Preheat oven to 400 degrees and prepare a baking sheet with parchment paper or a silicone mat.
In a large bowl add flour, sugar, baking powder, salt, and baking soda and whisk together. Cut cold butter into small pieces and add to dry mixture. Using a pastry blender or your fingers, blend the butter into dry ingredients until the mixture has pea-sized crumbles.
Add buttermilk and mix the ingredients until it just comes together. The mixture should be lumpy. Knead 2-3 times with hands to form dough together.
On a lightly floured surface, place dough and pat flat until about ½-3/4 inch thick. With a floured round round cutter (I used a fluted 2-inch, but feel free to use a regular round cutter 2-3 inches big) cut out biscuits and line them up on baking sheet leaving about 2 inches of space in-between them. If you don’t have a round cutter, make drop biscuits by scooping out ¼ cup of dough and dropping on baking sheet, also leaving 2 inches between.
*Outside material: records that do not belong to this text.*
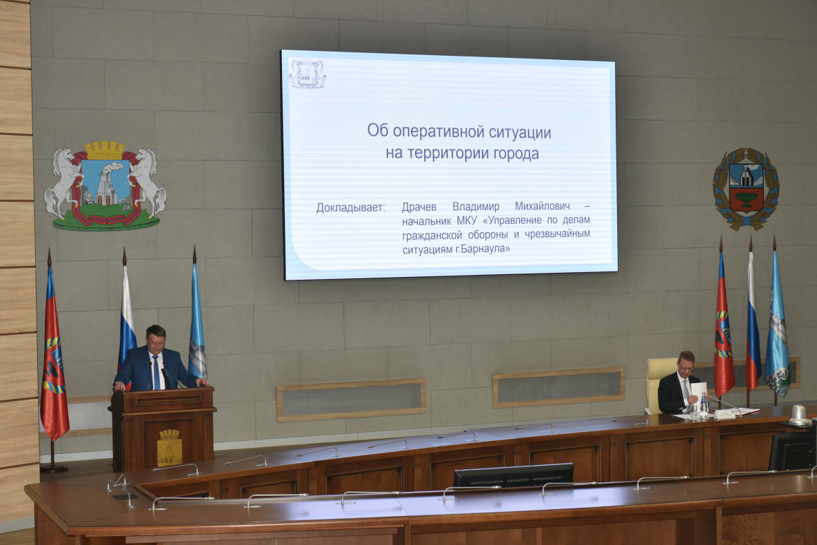 Об оперативной ситуации на территории города доложил начальник городского управления по делам ГОЧС Владимир Драчев. Он сообщил, что в Барнауле продолжаются противопаводковые мероприятия. За прошлую неделю в администрацию города поступило 43 обращения граждан и организаций о подтоплениях участков дорог, приусадебных участков, производственных территорий. На сегодняшний день на контроле остается улица Тепличный комбинат в селе Лебяжье, ситуация на Черницком кладбище и уровень воды в реке Барнаулка.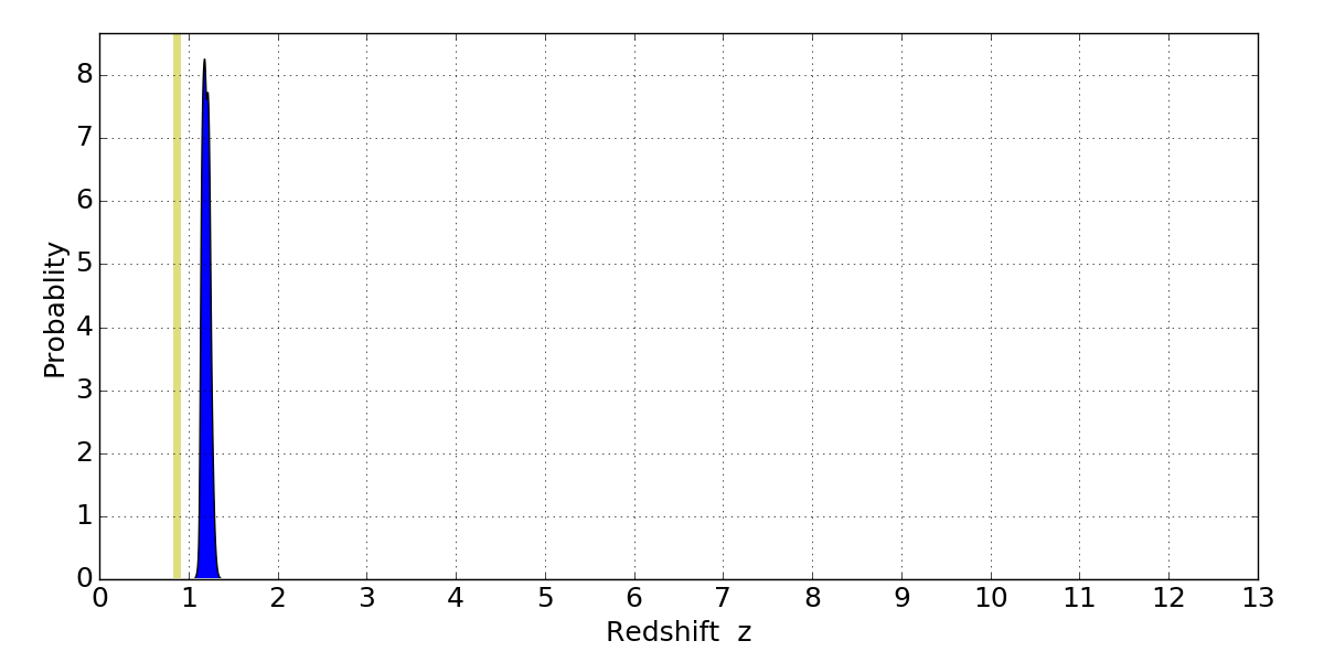 In P(z) plots: Yellow lines mark the cluster redshift z = 0.870,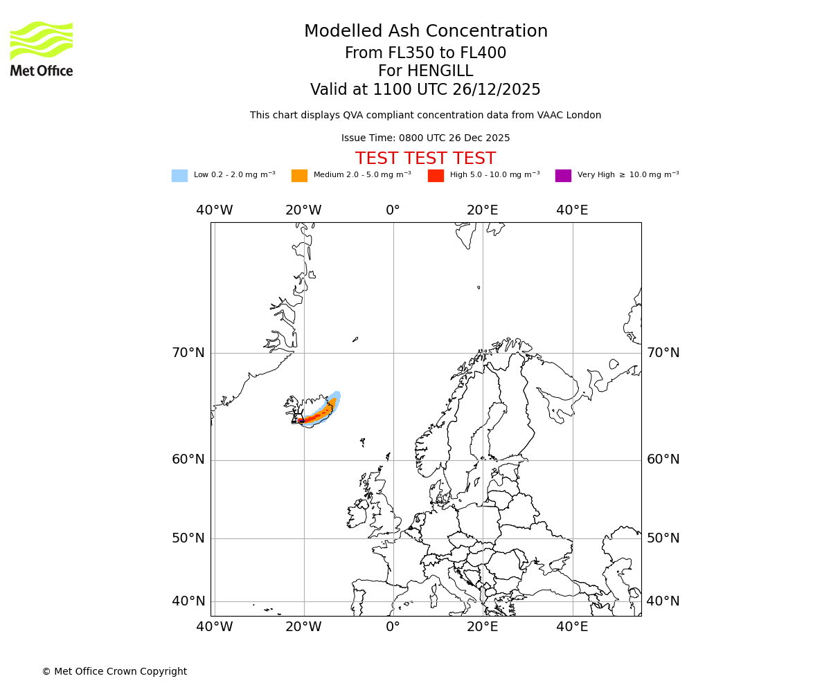 Modelled ash concentration from 350 to 400 for HENGILL. Valid at 0800 UTC 26/12/2025
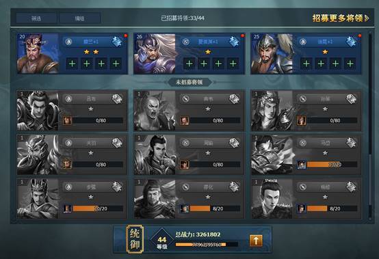 2. 将领资质:将领资质越高,将领拥有的三维属性则越高,同时也代表将领的珍稀度越高,是需要主要培养的将领。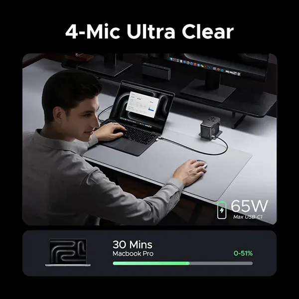65W GaN Fast Charging: Experience lightning-fast speeds with PD 3.0 and PPS 45W support. It provides enough juice to fast-charge laptops and tablets without the heat of traditional chargers.

Bake for 12-15 minutes until golden brown. Serve warm.
*If make ahead method- Freeze biscuit dough on a wax paper lined baking sheet after cutting out rounds, or dropping dough. Once frozen add to a freezer bag. Bake frozen biscuits the same as above but adding a couple more minutes to the bake time.
*If using buttermilk powder- Add 3 tablespoons of buttermilk powder to dry ingredients and then mix in ¾ cup water when above recipe says to add in the buttermilk.